Another great bit of well written journalism by Christie Blatchford,

This is one story that should not be making the headlines when our Courts are full of outragious abuses of process by Ontario's leading Criminal Organization, The Children's Aid Societies of Ontario.

Both the complainant and the accused spend too much of their time engaged in gender wars and Mr. Murphy was an idiot to have created such an internet game that while offensive in the extreme, was exactly the kind of behaviour that crosses the line and leads to police charges, that in an objective impartial world would NOT have a reasonable probability of a conviction.

Mr. Murphy knew or ought to have known that his "game" would result in charges and would cost him a fortune to litigate the criminal matter.

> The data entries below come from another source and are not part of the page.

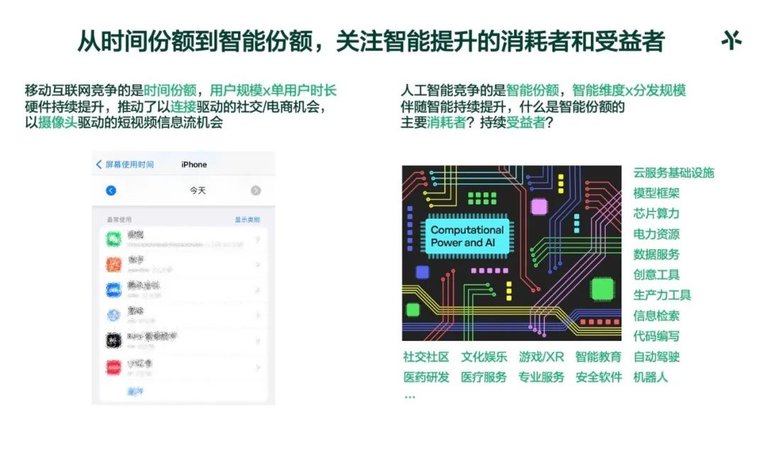 在AI时代,用户的人均使用时长进一步增长的空间有限,而智能的提升潜力巨大。 未来能拥有更多智能份额的公司,更有机会在基础设施持续完善、算力成本持续下降、模型能力持续提升的趋势中持续受益。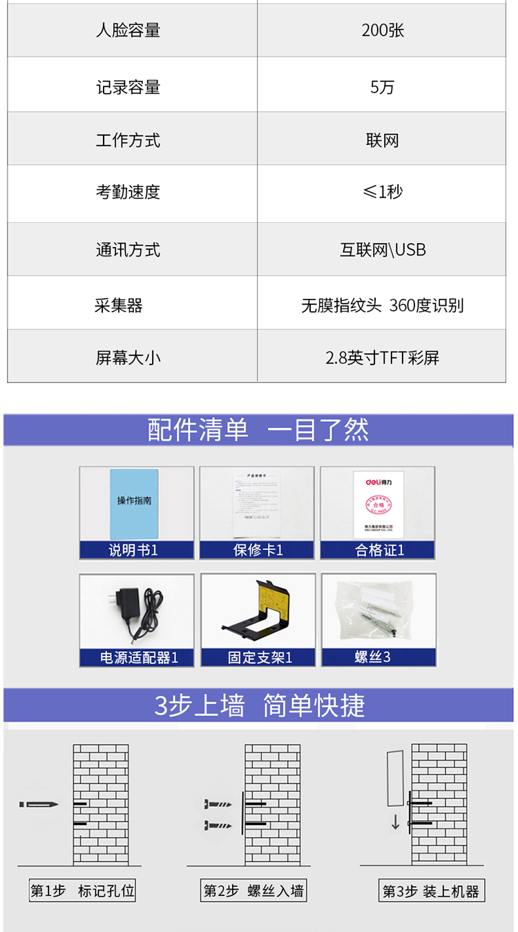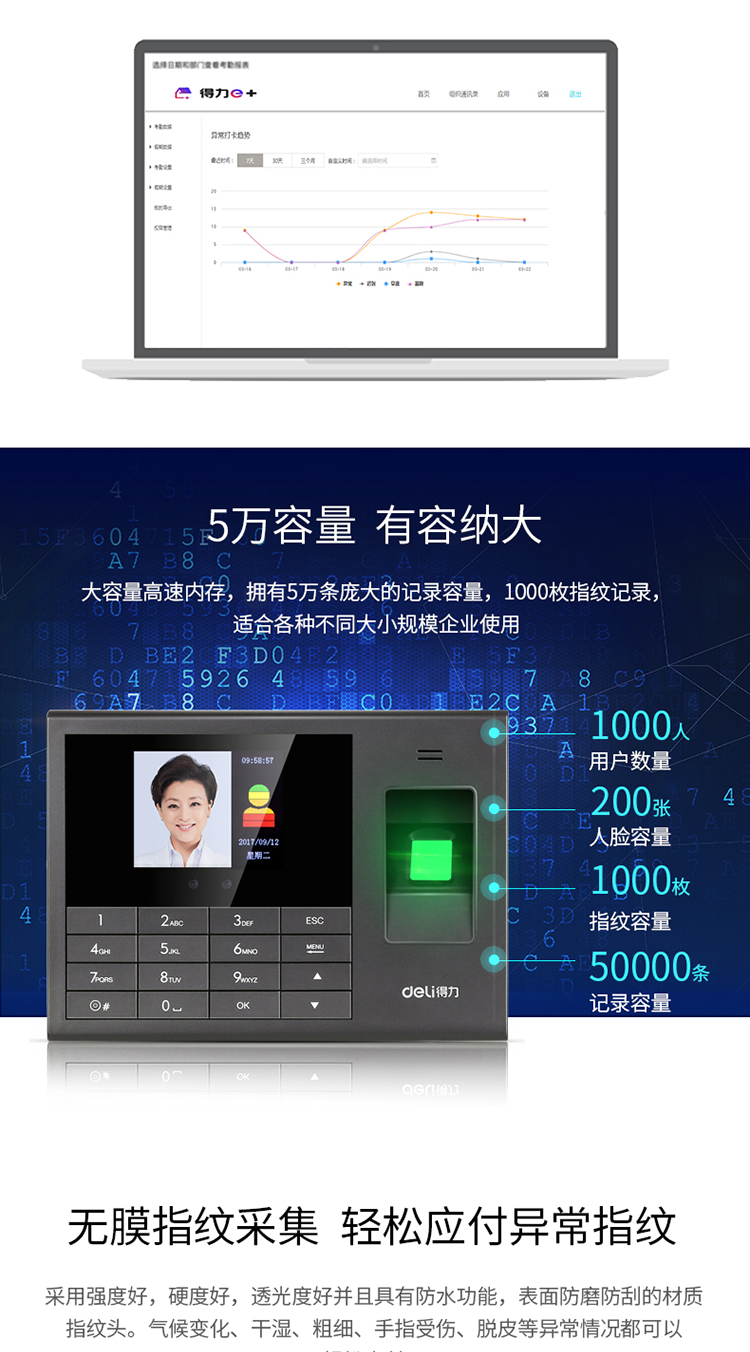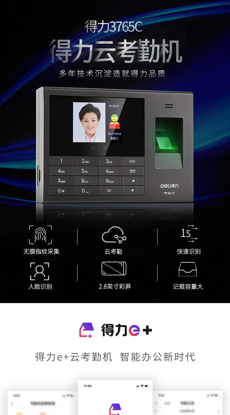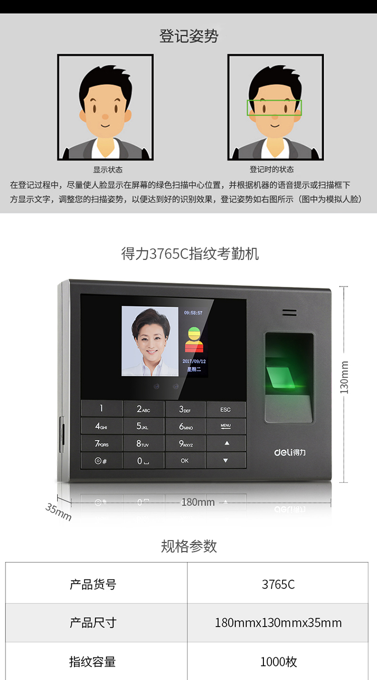 - 商品名称:得力(deli)3765C 智能云考勤机 人脸/指纹/手机定位打卡机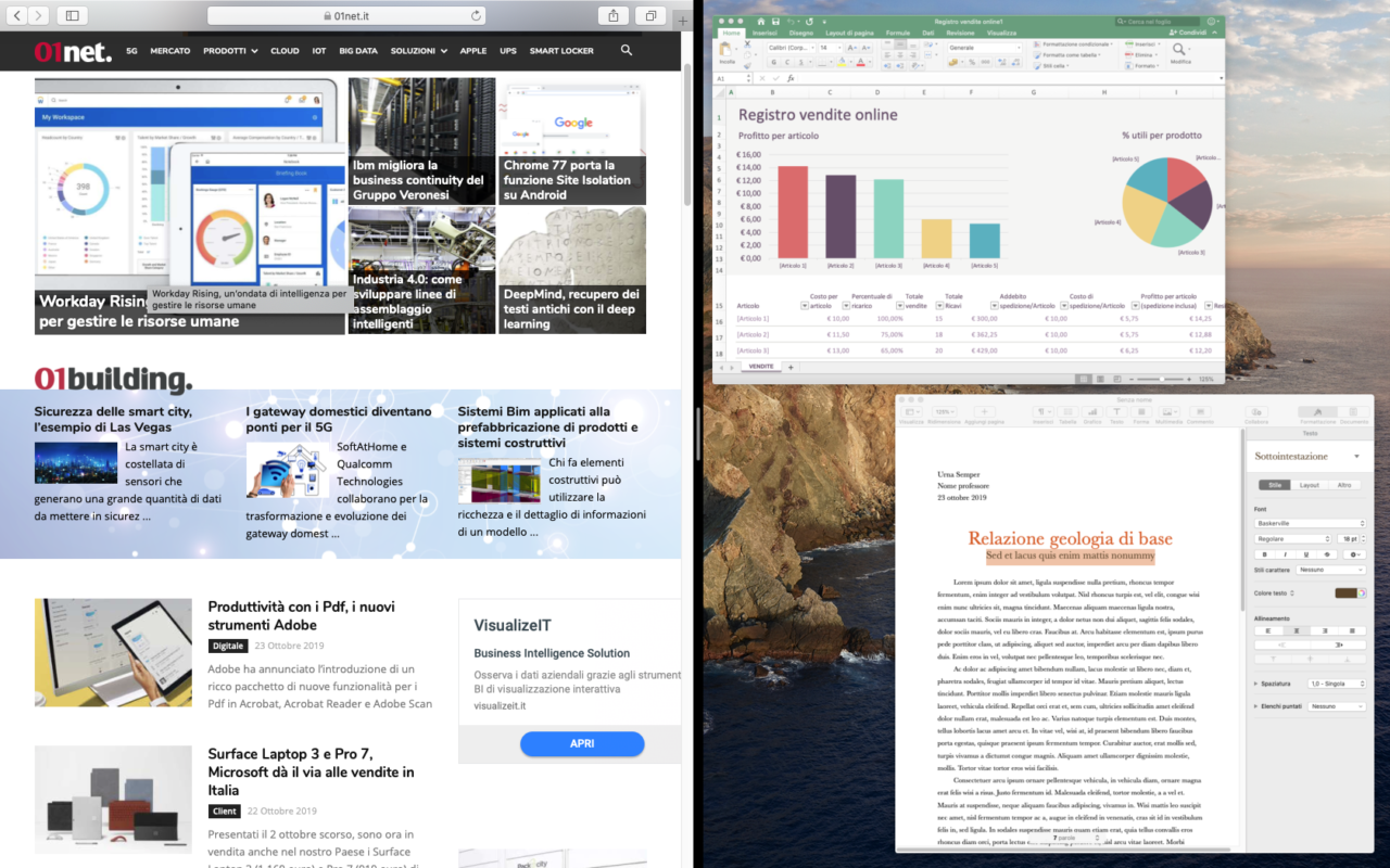 La modalità Split View in iPadOS è utile per sfruttare le funzioni di multitasking di iPad. Sul Mac, chiaramente, il multitasking è scontato, come per qualsiasi sistema operativo desktop. La funzione Split View può essere nondimeno molto utile come strumento di sistemazione e organizzazione delle finestre delle applicazioni nell’area di lavoro, affinché quest’ultima risulti ordinata e focalizzata.

Our Police and Ontario Court Judges apply extreme feminist logic instead of legal logic or legal reasoning which in itself is contaminiated and corrupted with extreme feminist ideas about Gender Superiority.

 

Both Stephanie Guthrie and Gregory Elliott appear to  be a perfect match for each other, both want to engage in endless internet wars with each other and Gregory Elliot has fallen for every bait thrown his way by Gregory Elliott who has then turned to the age old feminist tricks of posturing before the court and in sum, asking for the court to convict Gregory Elliot for a host of reasons that included her conclusion that he had "creepy eyes".